Hay una canción de Sabina que me gusta mucho porque pienso que habla de mí, aunque en realidad no. Cuenta la historia de un tipo que se enamora de una mujer en una ciudad costera de España. En una estrofa canta que ella le dibuja un corazón en la espalda con la punta del dedo índice y él, para devolverle el gesto, le acaricia la pierna por debajo de la pollera, que él llama falda. Era una noche de verano, según cuenta Joaquín, y todo termina en un hotel y a los besos. La parte melanco llega cuando un año más tarde vuelve a buscar a su amada para otro revolcón veraniego pero ella ya no está ahí; y el bar bohemio en donde se escribieron mensajes secretos sobre la piel es ahora la sucursal de un banco yanqui. Bajón.
Tuve algunos amores de verano como los de Sabina. Elegimos, en vez de la piel, WhatsApp o Messenger para los mensajes y algo me dice que nos faltó poesía comparado a esa calentura que describe en “Y nos dieron las diez”. De todos modos, para mí, fueron una peli y, de haber podido, hubiese escrito una canción igual de cachonda; para que, cuando la escucharan se acordaran de mí y dijeran: “A esa piba la conozco y esa canción habla de mí”, y sus amigues les dijeran que estaban flasheando, pero ellos sabrían que no.
Algunas veces me pongo a pensar sobre qué pasaría si me tomara un micro o un avión y volviese a buscar a mis romances de verano. Hago memoria y por momentos no recuerdo cómo fue que terminó todo y por qué esas historias no tuvieron otro final, más feliz o, en realidad, más duradero. Supongo que todos guardamos en la billetera alguna elección importante a la cual regresamos para pensar “qué hubiese pasado si…”, como si las cosas se mantuvieran estáticas en el tiempo y nos pertenecieran de alguna forma, porque estuvimos ahí; o como si nuestras decisiones fueran, después de todo, tan importantes.
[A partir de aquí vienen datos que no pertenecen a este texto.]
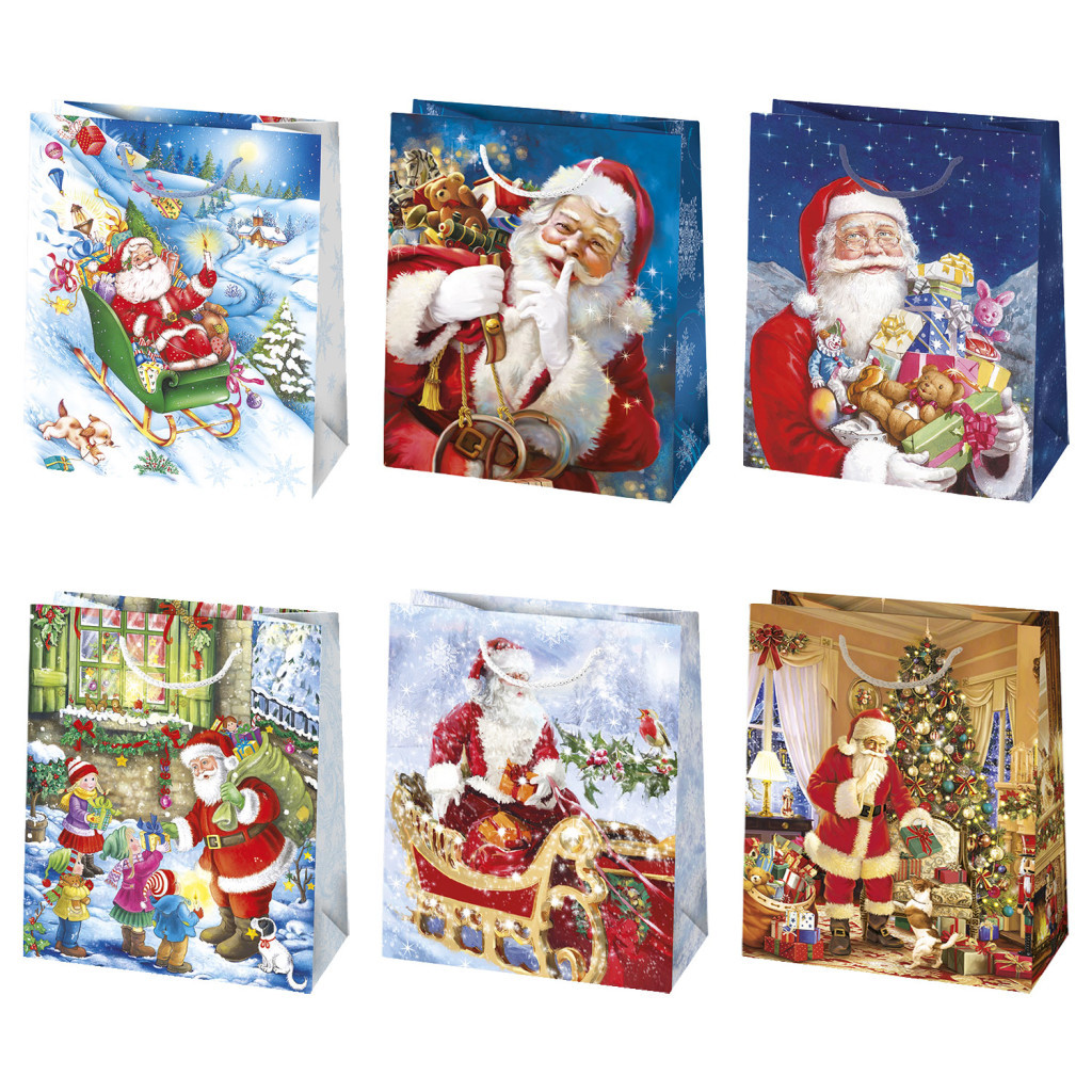 Karácsonyi Toyland papír ajándéktasak, ajándékzacskó 19x23x10,5 cm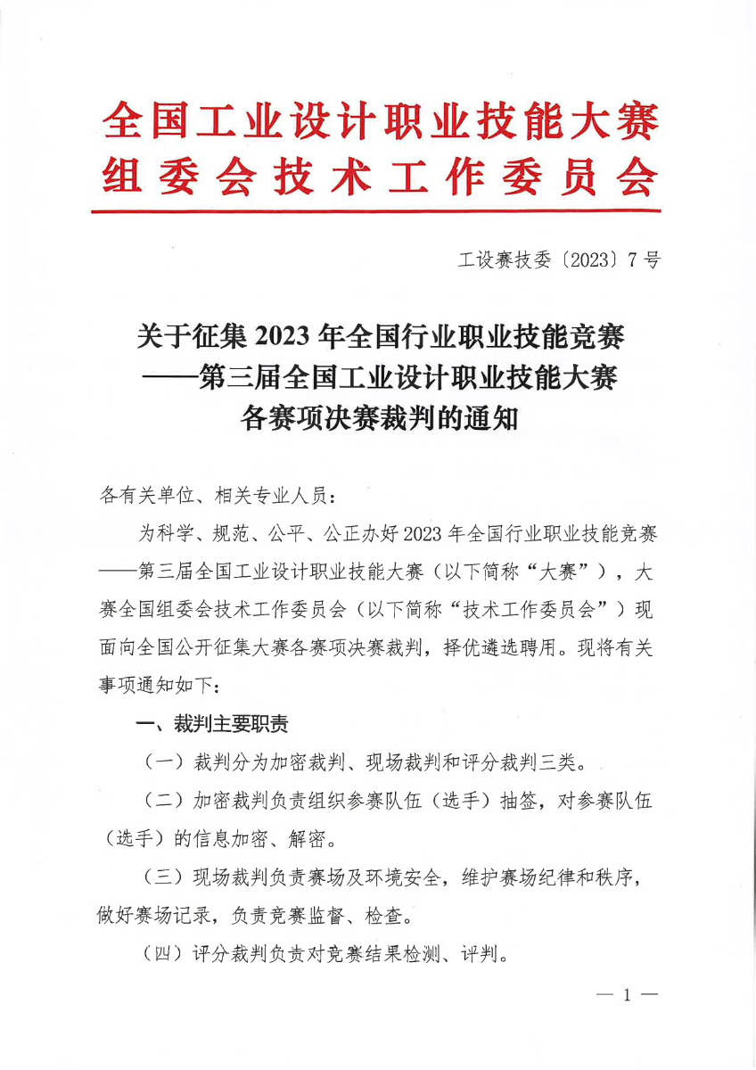 关于征集第三届全国工业设计职业技能大赛各赛项决赛裁判的通知.pdf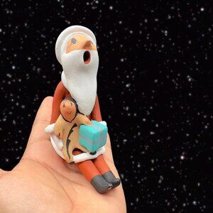 JEMEZ PUEBLO HAND MADE CLAY SANTA STORYTELLER w CHILD DIANE LUCERO Signed 5”W 4”.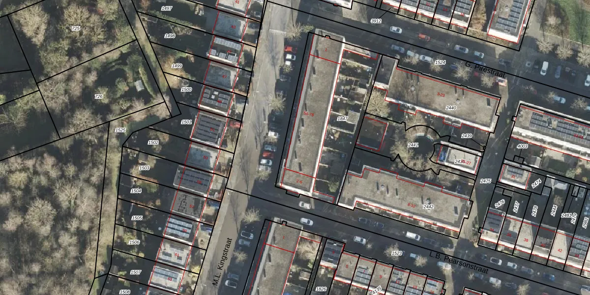 Het perceel waarop M.L. Kingstraat 64 staat heeft een oppervlakte van 1289 m². Dit is een zeer groot perceel. De perceeloppervlakte wordt geregistreerd door het Kadaster. Gedetailleerde informatie over de maten van dit perceel kunt u vinden in het rapport Kadastrale kaart met maatvoering van M.L. Kingstraat 64.
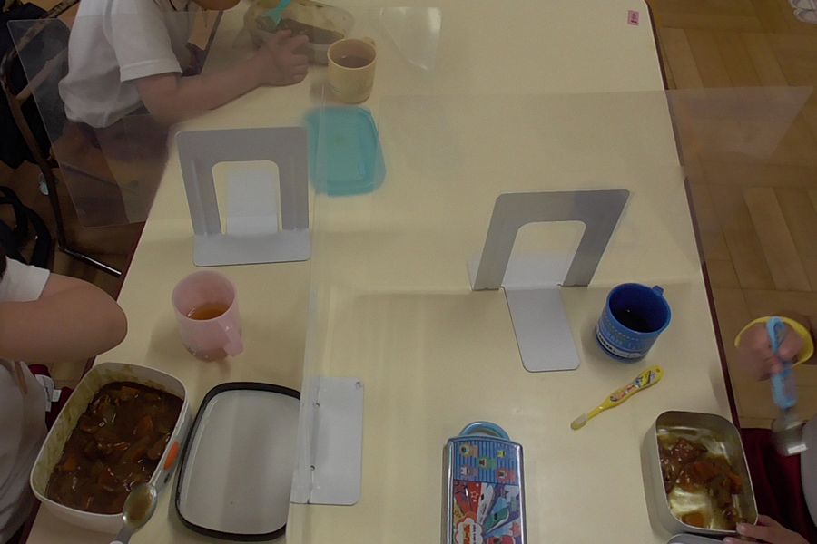今日はいつもの弁当箱より少し大きめのタッパーにご飯のみご家庭で用意してもらい、できたて熱々のカレーライスに舌鼓を打ちました。そしてデザートにミニゼリーもいただきました。
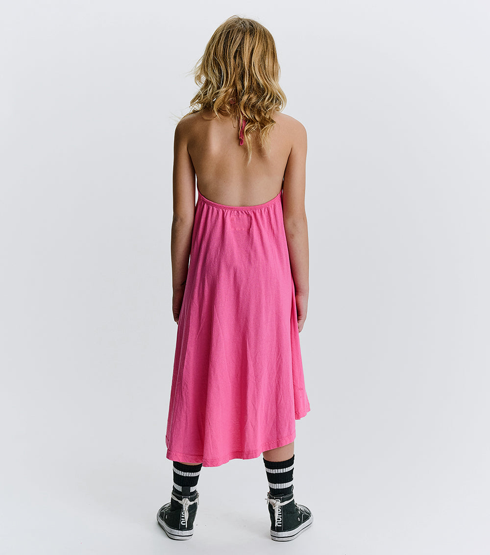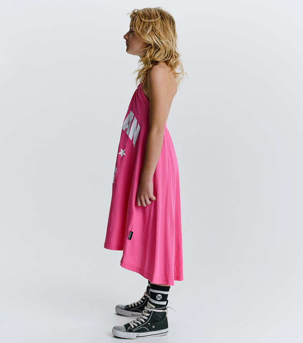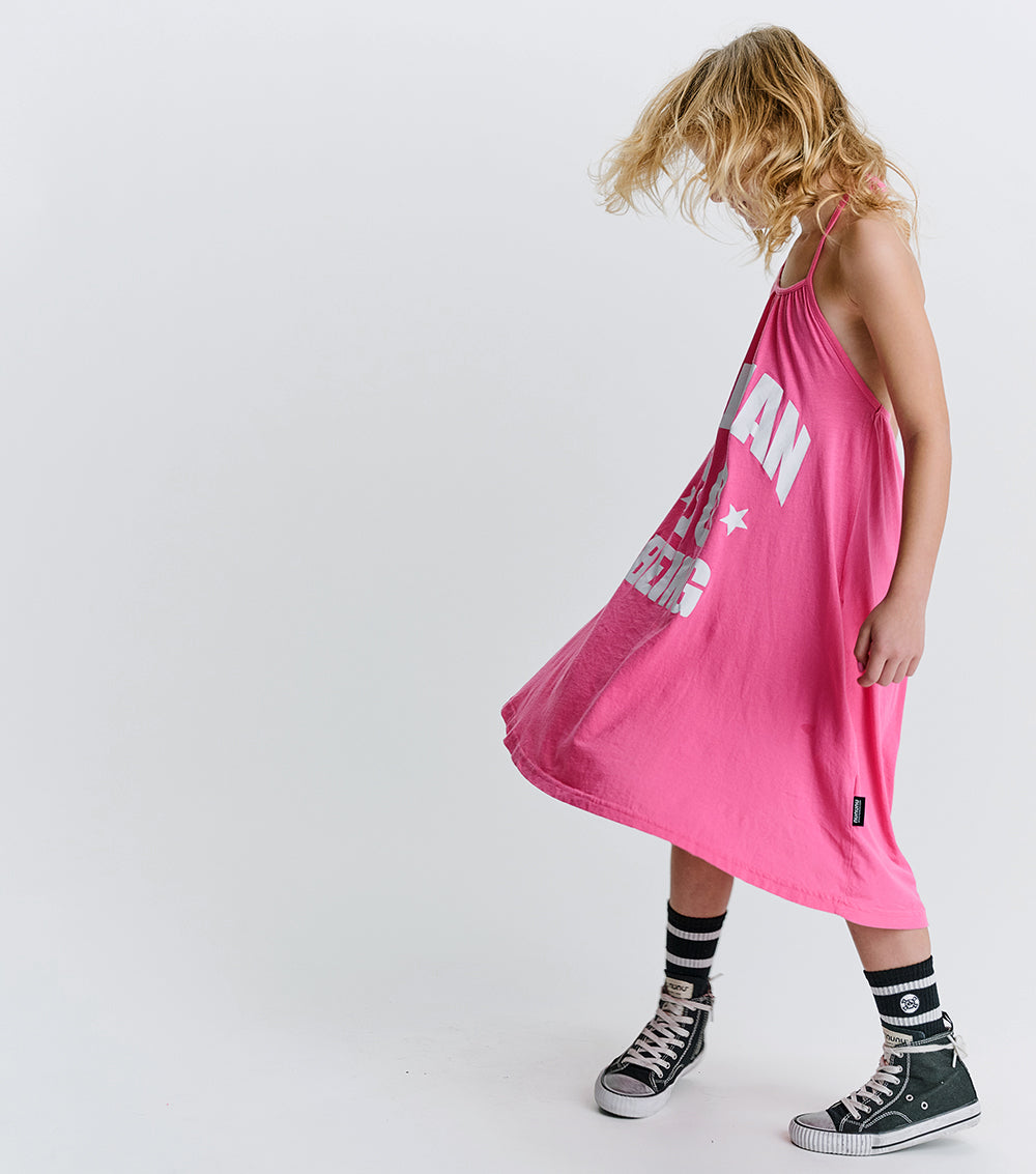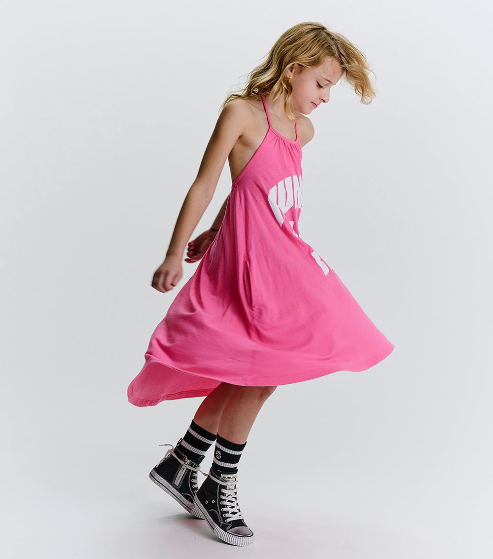 if your kid loves positive attention, this dress was made for them. it’s a single cotton halter dress in vibrant pink with human being printed in massive sporty lettering all over the front. it’s also got the number 10 in the middle surrounded by a star on each side because they’re always the star of our team. of course, the rounded hi-lo hem makes it ideal for school days, dance parties, and pretty much everything in between.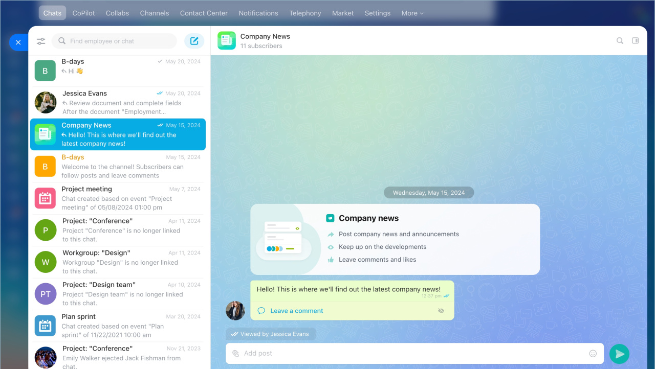 Bitrix24 Messenger est un chat, des appels vidéo et des chaînes intégrés aux processus de travail.

Pero aunque sé que mis amores de verano no resultaron en ningún poema, ni película; aunque los olvidé más rápido de lo que me gusta admitir y aunque, si tengo que ser honesta, algunos me irritaban en igual medida que me atraían; confieso que guardo con receloso cuidado algunos recuerdos que le darían a Sabina material para otro temón. Una visita sorpresa al otro lado del Atlántico, un teléfono escrito en un billete de 20 reales, un beso en la rambla miramarense o un chape en una hamaca paraguaya.
No hay que menospreciar a los amores pasajeros, nada de “‘solo’ eso fue, achuuú…”, como dice Airbag. Fueron importantes. Por eso, quién te dice y un día vuelvo y les toco la puerta y los invito a tomar un vermouth, un gin tonic, o el trago que esté de moda. Quién te dice y envejezco en algún pueblo mexicano tomando mezcal con mi amor de verano de agosto del año del jopo; o un día de estos finalmente me inspiro y les hago una canción a ver si se enteran de que todavía, y siempre, es verano en algún lugar del mundo.